Software implementations of squaring algorithms for 64-bit platforms were more effective than the same implementation for 32-bit platforms (up to 4 times for the algorithm MCSQR, up to 3,6 times for the algorithm MCSQR2x). MCSQRMx algorithm for 64-bit platforms is more effectively on 128-512 bits multipliers (4-6\%), which are widely used in cryptography. Multithreaded multiplication and squaring algorithms for 32-bit platforms was more effective than for 64-bit, because there are not support 128 -bit operations in modern compilers, that's why it require software emulation such operations.
Experimental researches have shown the effectiveness of the proposed squaring algorithms over multiplication
algorithms for 32-bit and 64-bit platforms. The theoretical results are confirmed by practice.

The most perspective algorithm is MCSQRMx, which shows significantly better results than other presented algorithms. MCSQRMx has a high degree of parallelism, which allows implementing it on various microprocessor platforms, that's why further research will focus on its development using specialized software and hardware (e.g., NVIDIA CUDA and OpenCL).

## References

[1] Cohen H., Frey G., Avanzi R., Doche C., Lange T., Nguyen K., Vercauteren F. Handbook of Elliptic and Hyperelliptic Curve Cryptography, Chapman \& Hall/CRC, 2006, 843.
[2] Denis, T., Rose G. (2006).
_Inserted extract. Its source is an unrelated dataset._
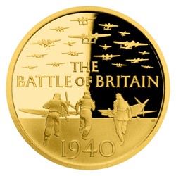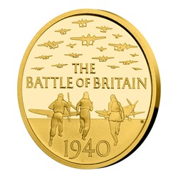 Reverzní strana mince Královské mincovny, jejímž autorem je výtvarník Gary Breeze, předkládá charakteristický válečný výjev – piloti RAF spěchají ke svým strojům, aby odrazili další z útoků nacistické Luftwaffe. Averzní strana mince pak náleží atributům Velké Británie – tj. nominální hodnotě 25 POUNDS (GBP), portrétu královny Alžběty II. a textu „ELIZABETH II D G REG F D“ (Alžběta II., z Boží milosti královna, ochránkyně víry).
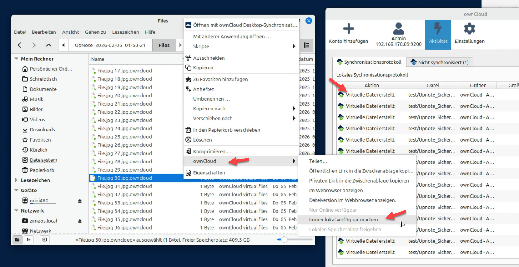 Den Desktop-Sync-Client gibt es für Linux, Windows und macOS. Schön ist, dass die Möglichkeit einer virtuellen Dateianzeige auch unter Linux vorhanden ist. Zwar nicht ganz so "hübsch" (mit Voransicht), wie man das unter den anderen Betriebssystemen kennt, aber es erfüllt seinen Zweck: Dateien werden erst dann lokal gespeichert, wenn man sie aufruft - ansonsten werden sie nur angezeigt und nehmen keinen Platz auf dem Gerätespeicher ein.

BigNum Math: Implementing Cryptographic Multiple Precision Arithmetic, Elsevier/Syngress, 2006, 315.
[3] Hankerson, D., Menezes, A.J., Vanstone, S. Guide to Elliptic Curve Cryptography, Springer-Verlag Professional Computing Series, 2004, 332.
[4] Kovtun, V.Y., Okhrimenko, A.O. "Approaches for the Parallelization of Software Implementation of Integer Multiplication", Radiotehnika. Vseukrainskij mezhvedomstvennyj nauchno-tehnicheskij sbornik, 171, 123-132. 2012.
[5] Kovtun, V.Y., Okhrimenko, A.O. "Integer multiplication algorithms with delayed carry for public-key cryptosystems". In: V.S. Ponomarenko (Eds.), Informacionnye tehnologi i sistemy v upravlenii, obrazovanii, nauke. Kharkiv: Cifrova drukarnja №1. 69-82. 2013.
[6] Kovtun, V.Y., Okhrimenko, A.O., Nechiporuk, V.V. "Approaches for the performance increasing of software implementation of integer multiplication in prime fields", Zashchita informacii, 1 (54), 68-75. 2012.